Using an upset plot to explore the relationship between large categorical data
Introduction
An upset plot is a great visualisation tool that can be used to show and understand the relationships and associations between large categories (called sets) in data. It shows the number of elements (number of comments in our case) the set (sub-categories) have in common and visualise it nicely using a matrix layout and a series of bar charts. The matrix layout enables the effective representation of associated data, such as the number of elements in the aggregates and intersections.
How is it plotted?
To plot an upset plot the data has to be prepared. Using our use case as an example, we prepared the data in this way:
Every record (row) represents one comment
Each column represents a label with a yes/no flag as to whether or not that comment was assigned the label. It is coded 1 for “yes” and 0 for “no”,
All the label names are used as the attribute on the plot.
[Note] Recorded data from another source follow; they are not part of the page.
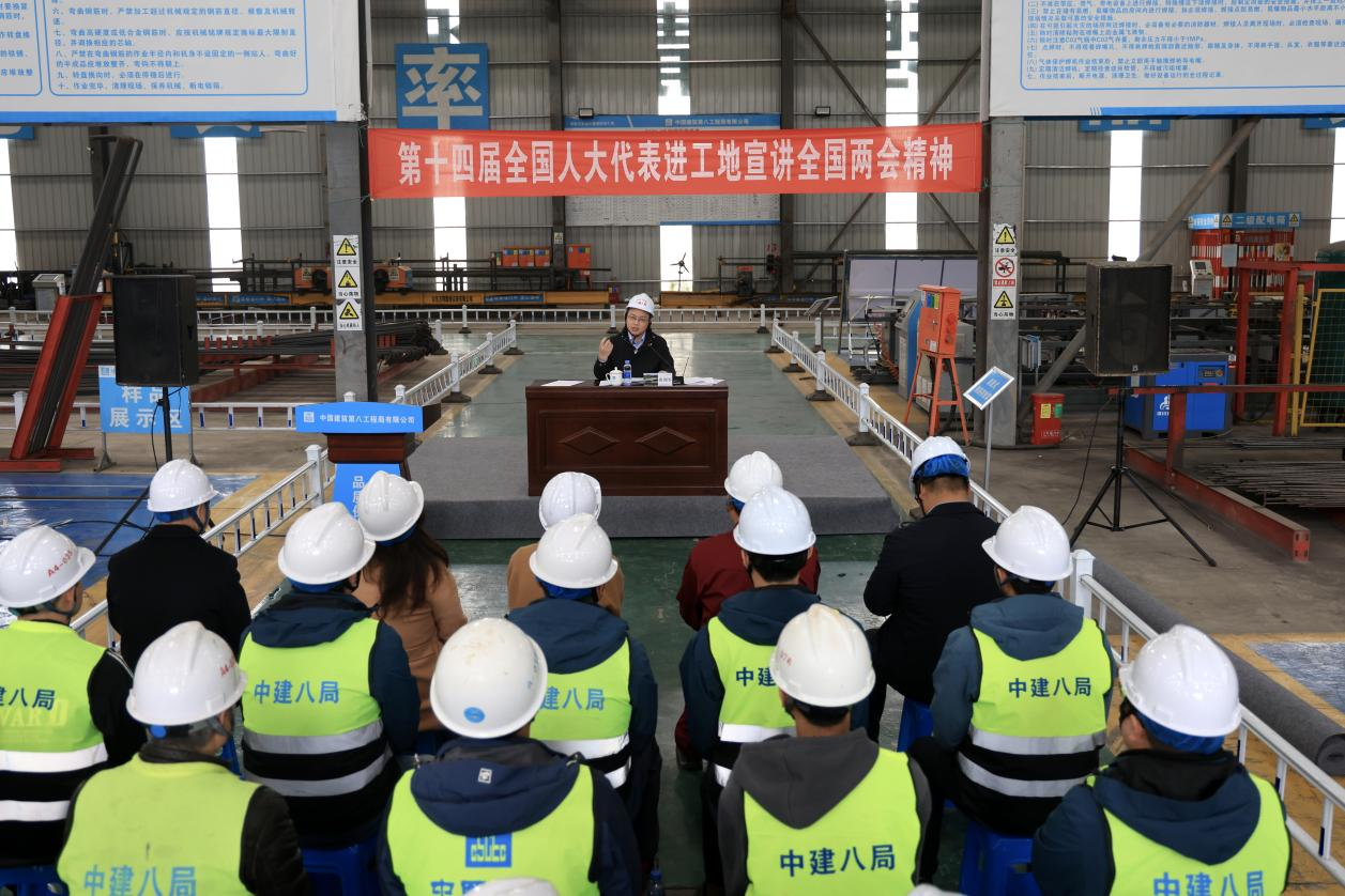 “这是我第三年参加全国人代会,也是第三次来到成达万高铁项目一线宣讲全会两会精神,感受颇深。”从两会会场到工地现场,唐利军结合自身参会感受,围绕科技创新、青年人才发展、民生保障等热点话题,将政策“大道理”转化为一线建设者和青年学生听得懂的“小故事”,并重点解读了国家推进重大工程、促进区域协调发展的部署,激励工友们在项目建设中勇担使命。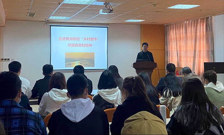 儀式結束后,師生們參觀了西滑封精神展覽館。《思想道德修養與法律基礎教研室》主任李國防對學生進行了題為“走進黃河岸邊‘鄉村都市‘ 尋覓西滑封精神”的現場教學。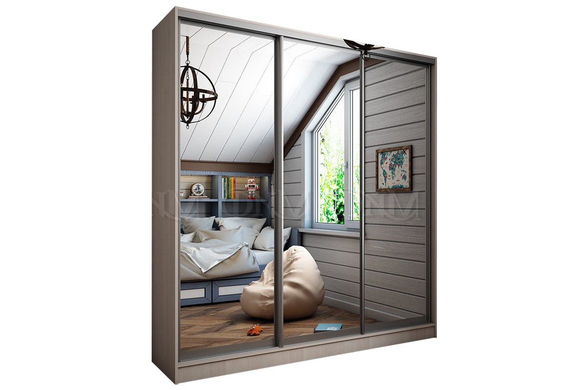 Шкаф-купе «ШК 2400» три зеркала (шимо темный) профиль алюминий

Why Upset plot and how should it be used?
In this project, we assign labels (sub-categories) to free text comments in a way that one comment can have 1 or more labels assigned to it. Upset plots provide a way to show the relationship between the assigned labels simultaneously. By exploring this pattern we can identify groups of categories that are mostly discussed together in a single comment. This plot can guide us as we explore answers to questions such as this:
Do most comments about staff “competence & training” also relate to the “provision of medical equipment”?
This plot is used in the dashboard as a visual guide to help users as they explore the free text comments. The plot can be used to gain insight into the sub-categories that people might talk about more frequently within the same comments. However, the fact that people talk about a group of sub-categories in the same comment doesn’t mean those sub-categories have a relationship in reality, and that is why we provide functionality within the dashboard for users to further explore the free text comments. The comments should be read to explore explanations for any pattern seen on the visual and to carry out any additional qualitative analysis as required.